On Hardware-efficient Inference in Probabilistic Circuits
This work addresses energy efficiency for edge computing applications by enabling low-resolution computations in probabilistic circuits, representing an incremental improvement over prior methods.
The paper tackles the problem of hardware-efficient inference in probabilistic circuits by proposing an approximate computing framework that uses low-resolution logarithm computations, achieving up to 357x and 649x energy reduction for evidence and MAP queries with minimal error.

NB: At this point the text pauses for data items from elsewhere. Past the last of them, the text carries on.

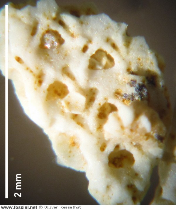 Een kenmerk zijn de twee schuine avicularia boven elke apertura.
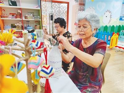 6月14日,新安社区老年人活动室里,彩绳在黄阿姨灵巧的指尖缠绕,没多久,一个编织瓶雏形显现。指着展示台上一只只精巧的编织花篮,黄阿姨兴奋地说:“这些都是我和我的‘老伙伴’做的,数量积攒够了,社区就拿去义卖,收来的费用用作志愿活动经费,我们也算是做了好事。”
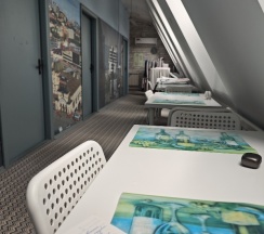 Чистое, светлое, свежее помещение. Есть кухня с возможностью приготовить пищу, также душевые кабины, стиральная машина, шкафчики для хранения вещей. Оборудована и зона отдыха: столики для неспешного времяпрепровождения, телевизор. Можно воспользоваться утюгом и гладильной доской. Конечно, есть сушилки для белья. В коридоре и в каждой комнате - кондиционер.

Probabilistic circuits (PCs) offer a promising avenue to perform embedded reasoning under uncertainty. They support efficient and exact computation of various probabilistic inference tasks by design. Hence, hardware-efficient computation of PCs is highly interesting for edge computing applications. As computations in PCs are based on arithmetic with probability values, they are typically performed in the log domain to avoid underflow. Unfortunately, performing the log operation on hardware is costly. Hence, prior work has focused on computations in the linear domain, resulting in high resolution and energy requirements. This work proposes the first dedicated approximate computing framework for PCs that allows for low-resolution logarithm computations. We leverage Addition As Int, resulting in linear PC computation with simple hardware elements. Further, we provide a theoretical approximation error analysis and present an error compensation mechanism. Empirically, our method obtains up to 357x and 649x energy reduction on custom hardware for evidence and MAP queries respectively with little or no computational error.